It’s Friday night, my girlfriends and I get together at Hume Hall, swap clothes, do each other’s makeup and put band aids on our ankles to protect against blisters. Then we “go out.” We meet another set of girlfriends on University Street and make “home base” a corner booth at our favorite spot—for Gator Girls c/o 2009 it was ":08" on Thursdays. But what is to come of all the makeup, glam and pre-gaming? One boy will wander over to our booth and talk to ALL 8 of us. Sound familiar? Insert your dorm, your bar and your favorite style and you have a Friday night for most women who went to college sometime over the last 5 years. But alas, someone other than us girls is beginning to catch on.
The NY Times headlined the article; “The New Math on Campus” connecting the dots between the male/female ratio in college classes and how the ratio is affecting the dating pool.
Needless to say, this puts guys in a position to play the field, and tends to mean that even the ones willing to make a commitment come with storied romantic histories. Rachel Sasser, a senior history major at UNC-Chapel Hill, said that before she and her boyfriend started dating, he had “hooked up with a least five of my friends in my sorority — that I know of.”
According to a recent report by the American Council on Education, women have represented about 57 percent of enrollment in colleges since 2000. Some schools recognize the gender inequality in the classroom and have created quasi “affirmative action for boys” programs. Yet, leading feminists organizations see this as female discrimination and in December, "The United States Commission on Civil Rights moved to subpoena admissions data from 19 public and private colleges to look at whether they were discriminating against qualified female applicants," according to the NYT.

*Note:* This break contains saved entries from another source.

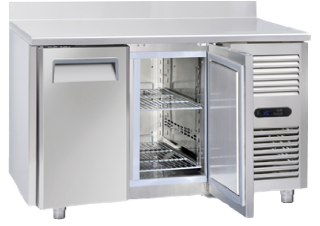 Et pladsbesparende frysebord i rustfrit stål med to selvlukkende døre og flytbare hylder. Perfekt til mindre køkkener eller som ekstra bord- og fryseplads i det større køkken.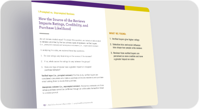 \ Prompted vs. Unprompted Reviews How the Source of the Reviews Impacts Ratings, Credibility, and Purchase Likelihood WHAT WE FOUND: 1. Verified buyers give higher ratings Are all reviews created equal? To answer this question, we looked at data related to reviews submitted by the two primary types of reviewers: verified buyers 2. Selection bias and social influence (i.e., prompted reviews) and anonymous reviewers (i.e., unprompted reviews). bias shape how people write reviews In analyzing this data, we explored three key questions: 3. Reviews from verified buyers are 1. Do star ratings vary depending on the source of the reviewer? perceived as more credible and have a greater impact on sales 2. If so, what causes the ratings to vary between the groups? 3. Does one type of review have a greater impact on shoppers’ purchase behavior? Verified buyer (i.e., prompted reviewer): For this study, verified buyers are considered consumers who make a purchase online and receive a post-purchase email asking them to review their purchase. Anonymous reviewer (i.e., unprompted reviewer): Anonymous reviewers are those whose purchase cannot be confirmed through an online sales transaction linked to a review prompt. 13 \ How Online Reviews Influence Sales \ spiegel.medill.northwestern.edu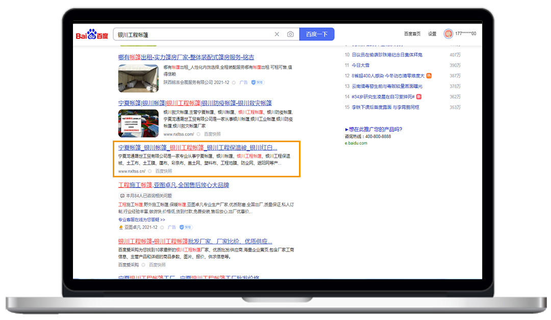 龍通晟世網(wǎng)站上線20天左右,就成功被搜索引擎收錄,而且關(guān)鍵詞:銀川工程帳篷、銀川工程保溫被、銀川紅白喜事帳篷等,均在百度首頁展示。
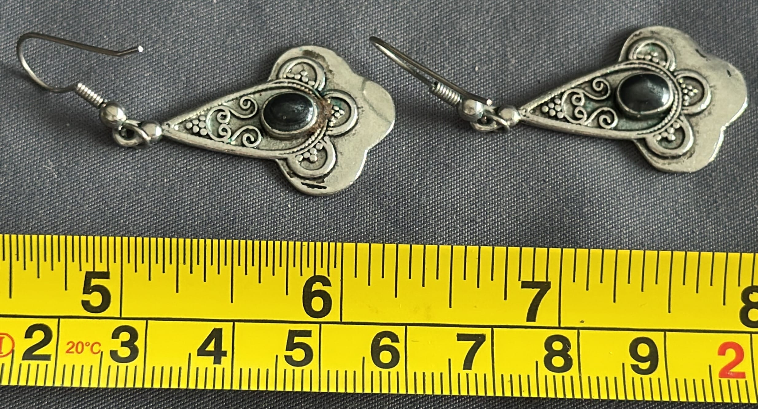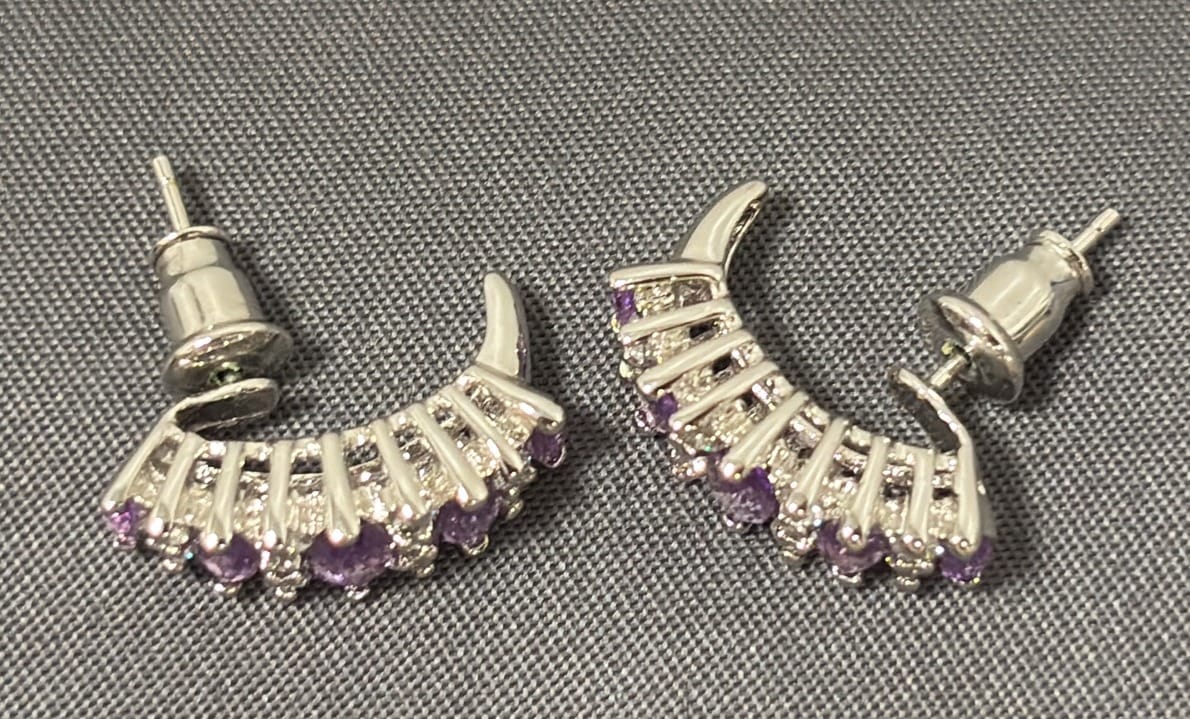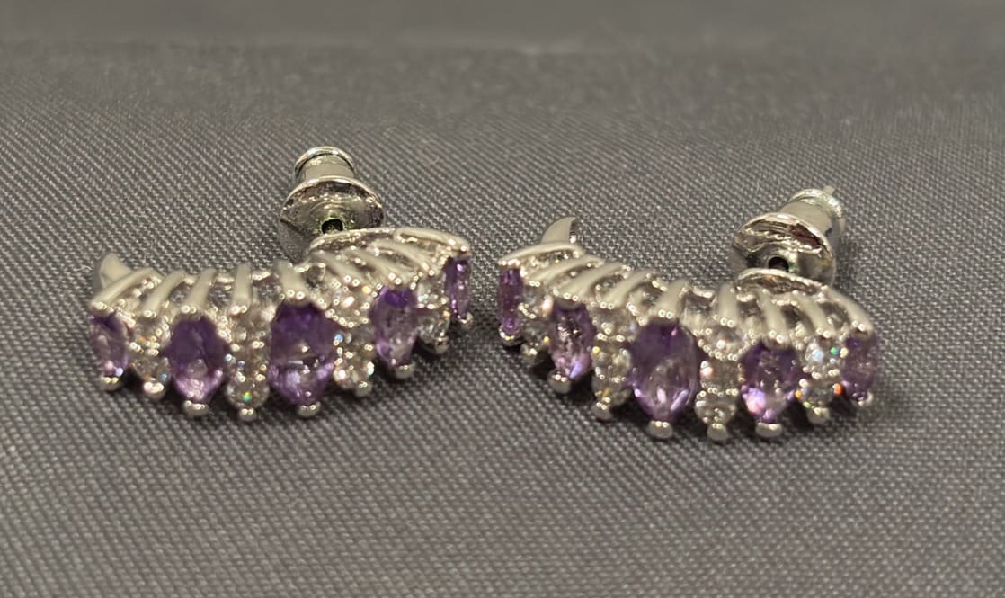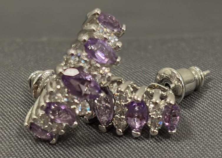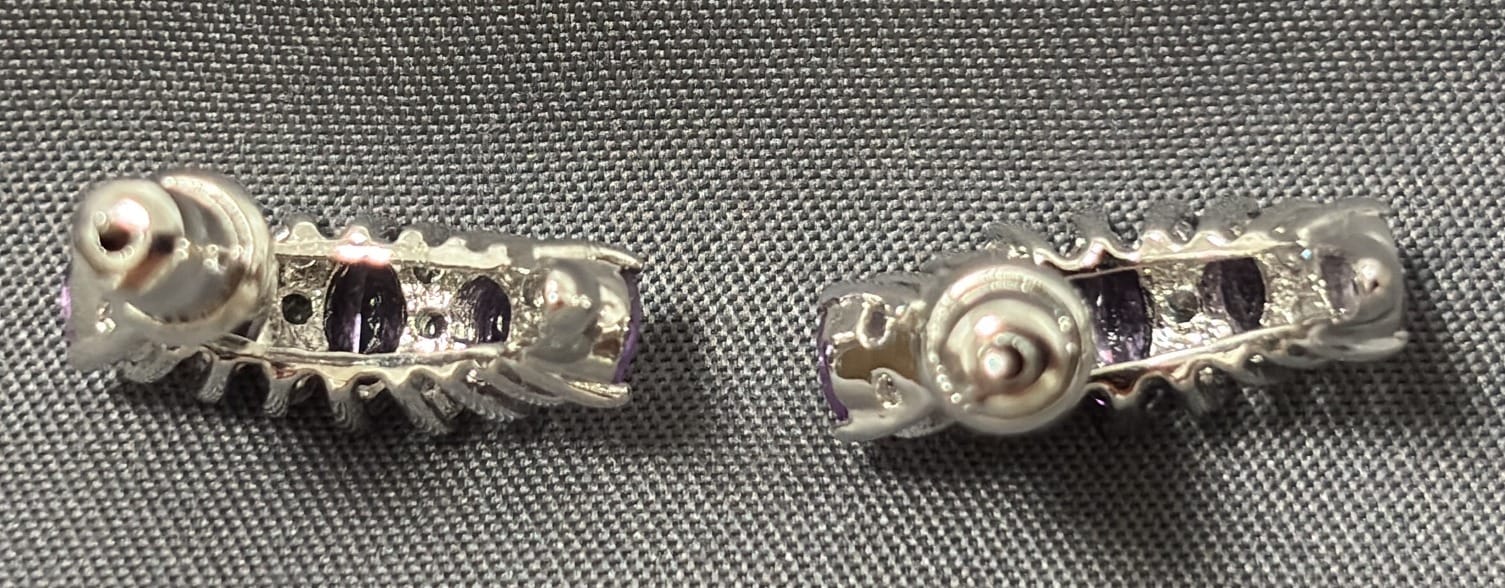 1156 .925 Silver Marcasite Earrings (missing faceted blue stone)

This aside, what can be said of the social ramifications of such an inverted ratio?
Girls are often pressured to go “outside their comfort zone” just to ensure that the boy at the bar will call back the next morning. Women are pining for attention from men on “men’s terms” and forgetting their own values. The result: women are waking up alone with the memory of a casual hook-up from the night before.
So while women appear the “victors” in academia, we are losing out on stable, committed relationships. Researchers may not fully know the effects of this new form of college hook-ups for years, but I do hope this article sheds light on an issue that so many of us can speak to personally.